Presently, out of the 27 companies under PN17/GN3, six companies have been suspended including Serba Dinamik, which was suspended due to Bursa Malaysia’s action following the company’s failure to submit the Special Independent Review report.

Typically, companies have two choices to get out of PN17 and among them are:

> If there is no change in the core business activity – a corporate restructuring exercise involving a capital reduction, followed by a share consolidation exercise and a fundraising exercise via a rights issue and or placement of new shares;

> If there is a change in core business activity – a RTO exercise whereby a new company is injected into the listed entity via issuance of new shares of the PN17 company.

Typically, the listed issuer would also undertake a corporate restructuring exercise involving a capital reduction, followed by a share consolidation exercise and a rights issue to existing shareholders, and or private placements of new shares too.

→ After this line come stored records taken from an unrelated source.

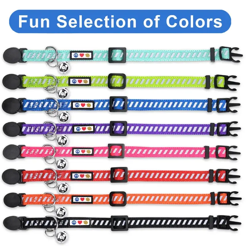 ERGONOMICALLY DESIGNED: Pawtitas Personalized Cat Collar, is designed to focus on your cat’s comfortability and needs.HIGH-QUALITY MATERIAL: This personalized cat collar is specifically designed with High-grade and High-quality material that has been proven and tested for longevity and aesthetics.GREAT COLOR SELECTION: You may use your creativity and select from the variety of colors that we have. This will spark your beautiful ideas and choose what’s a perfect look for your kitty.REFLECTIVE PROPERTIES: The Pawtitas reflective cat collar is designed to reflect ambient light in extremely low light conditions, providing maximum visibility when needed the most with your reflective cat collars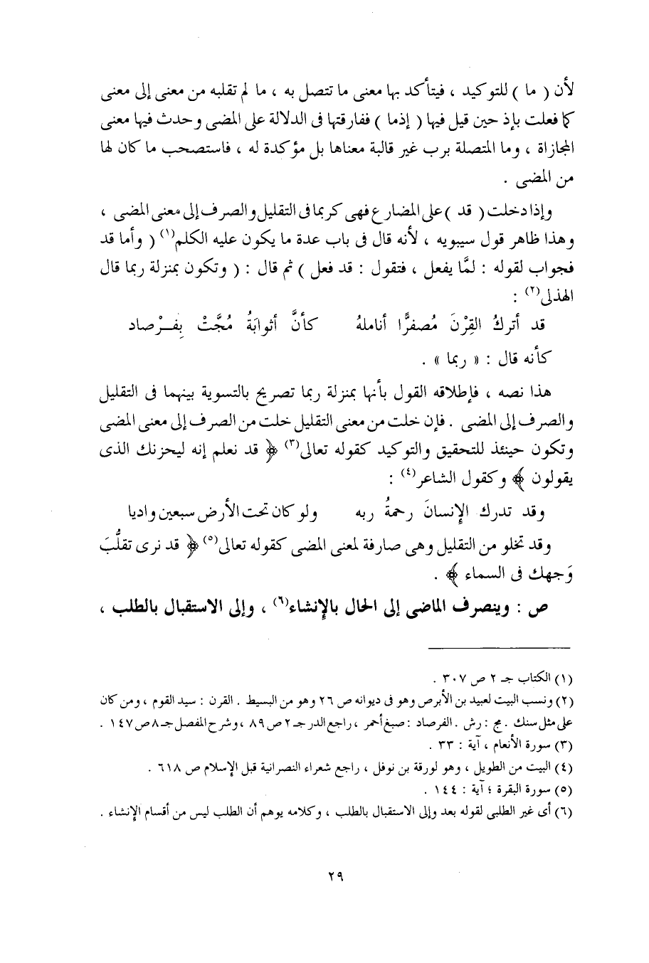 وقد تخلو من التقليل وهي صارفة لمعنى المضي كقوله تعالى (قد نرى تقلُّب وجهك في السماء).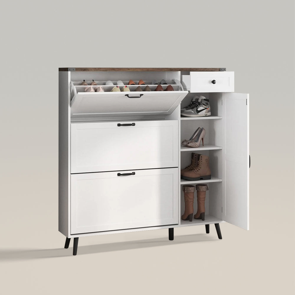 Large storage space---The shoe storage cabinet features three flip drawers,each containing 2 tiers inside,with adjustable compartments to fit various shoe heights.The side cabinet offers adjustable shelves tailored for your mid to tall boots. The spacious top surface and upper drawer are perfect for daily essentials,keys,wallets, and more.The bottom space conveniently stores frequently worn shoes for quick changes.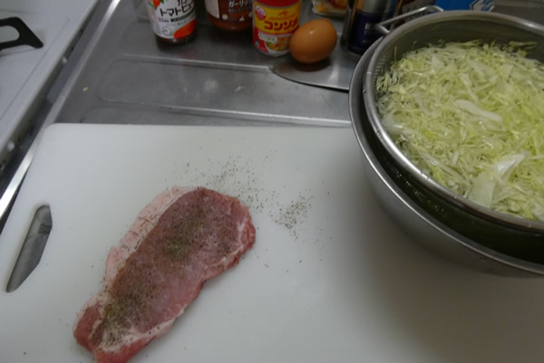まずキャベツを千切りにして水にさらしておきます。キャベツはシャキシャキが美味しいですから。そしてトンカツ用豚肉に塩・胡椒を振りかけて。

In both of the above circumstances, if the listed issue is also saddled with a huge debt, a PN17 listed issuer may also undertake a scheme of arrangement where creditors will take a haircut or in certain cases convert them into equity.

A long road ahead

Based on the 27 companies that had triggered Para 2.1 of PN17, eight companies have been under the PN17 spell for the longest time.

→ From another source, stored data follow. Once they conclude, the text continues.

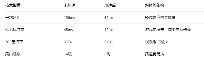 IP加速器主要改善的是延迟、抖动和丢包率,而非带宽。这对实时应用(游戏、视频通话)至关重要,但对大文件下载帮助有限。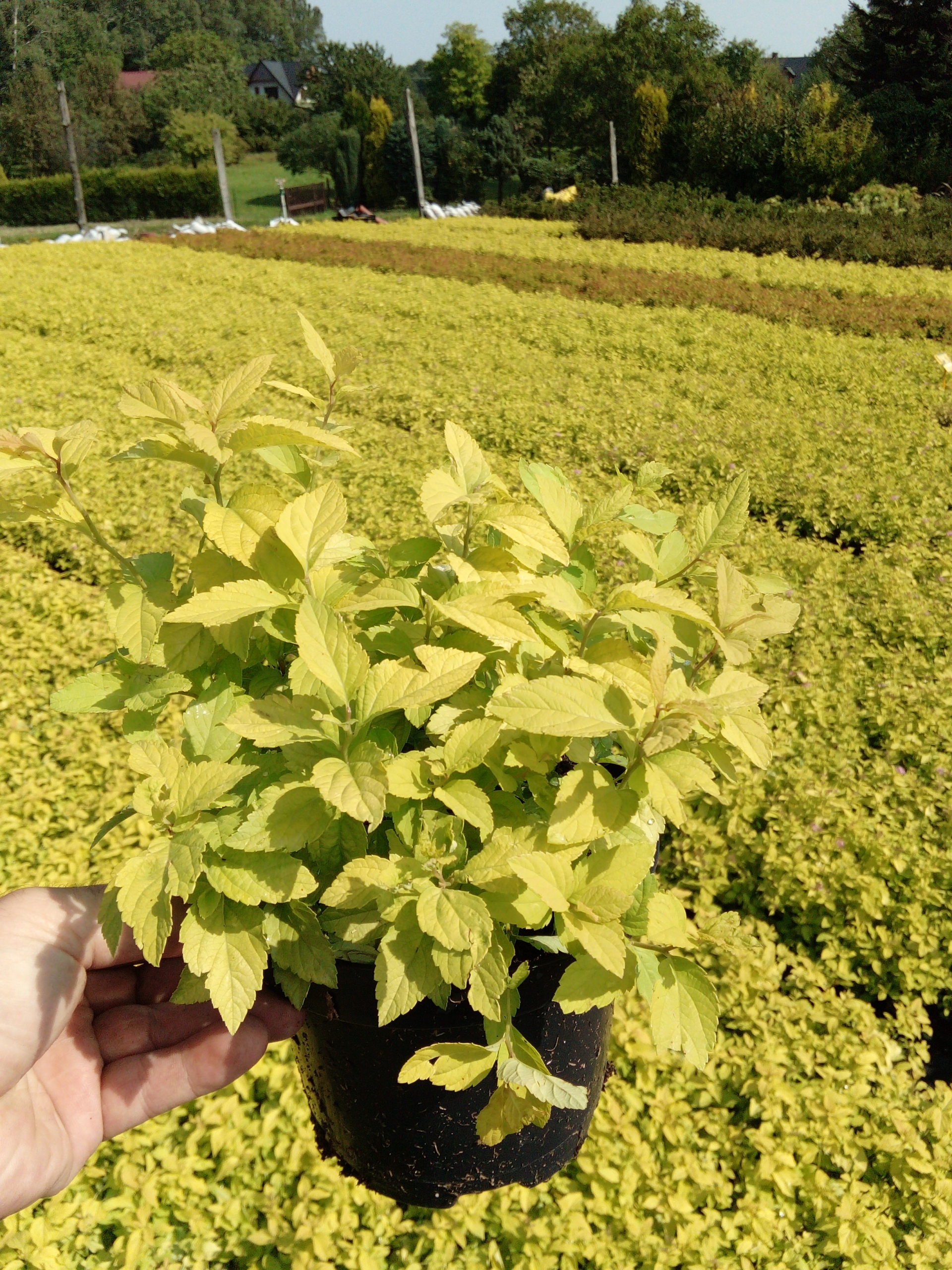 Листя еліптичної форми, гостро загострені, зубчасті по краях, протягом вегетаційного періоду інтенсивно жовті. Рясно цвіте в травні-червні. Ніжно-рожеві квітки зібрані в щитки.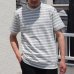 落ち着いた色合いのボーダーと、すっきりとしたスタイルで夏でもだらし無くならない装いを可能にする1枚です。

They include one listed issuer who has been under PN17 since December 2014, which is more than seven years now, while three others have been under PN17 or GN3 for more than four years.

Four others have been under the PN17 or GN3 classification between three to four years and ten others between two to three years.

The fact that a company once classified as PN17 finds it hard to get out of it is a reality and this could either be due to lack of potential RTO candidates or the capital reconstruction exercise is not feasible for the shareholders to undertake as the company’s financial mess is beyond rehabilitation.

Hence, while PN17 may not be an end-game for listed issuers as there are avenues for an affected issuer to regularise their financial condition, time is of the essence.

The longer it takes to regularise its financial condition, the less likelihood that a listed issuer will be able to get out of it as the risk of delisting looms. Pankaj C Kumar is a long-time investment analyst. The views expressed here are the writer’s own.